Capítulo XII

Del cuarto rey Izcoalt, y de la guerra contra los Tepanecas

Cuando estuvieron juntos todos los que se habían de hallar a la elección, levantóse un viejo, tenido por gran orador, y, según refieren las historias, habló en esta manera: Fáltaos ¡oh mejicanos! la lumbre de vuestros ojos, mas no la del corazón, porque dado que habéis perdido al que era la luz y guía en esta república Mejicana, quedó la del corazón para considerar, que si mataron a uno, quedaron otros que podrán suplir muy ventajadamente la falta que aquél nos hace. No feneció aquí la nobleza de Méjico, ni se acabó la sangre real. Volved los ojos, y mirad alrededor, y veréis en torno de vosotros la nobleza mejicana puesta en orden, no uno, ni dos, sino muchos y muy excelentes príncipes, hijos del rey Acamapichtli, nuestro verdadero y legítimo señor.
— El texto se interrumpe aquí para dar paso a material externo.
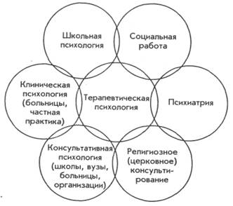 ют выделение в психологии отдельной области, посвященной психотерапии и консультированию. На рис. 3 отражены взаимоотношения между терапевтической психологией как теоретической дисциплиной и смежными с ней областями психологической помощи. Кроме того, Л. Брэмер и Э. Шостром считают, что консультирование и психотерапия также представляют собой два полюса континуума, но не между медициной и психологией, а внутри терапевтической психологии. Поэтому иногда в тексте используется термин «психотерапия», например, когда существует устоявшееся выражение (РЭТ — рационально-эмоциональная терапия, гештальт-тератшя), или когда понятия консультирование и психотерапия можно использовать в качестве синонимов (рис. 3).

Aquí podréis escoger a vuestra voluntad, diciendo: este quiero, y estotro no quiero, que si perdísteis padre, aquí hallaréis padre y madre. Haced cuenta, ¡oh mejicanos!, que por breve tiempo se eclipsó el sol, y se escureció la tierra, y que luego volvió la luz a ella. Si se oscureció Méjico con la muerte de vuestro rey, salga luego el sol, elegid otro rey, mirad a quién, adonde echáis los ojos, y a quien se inclina vuestro corazón, que ese es el que elige vuestro dios Vitzilipuztli; y dilatando más esta plática, concluyó el orador con mucho gusto de todos.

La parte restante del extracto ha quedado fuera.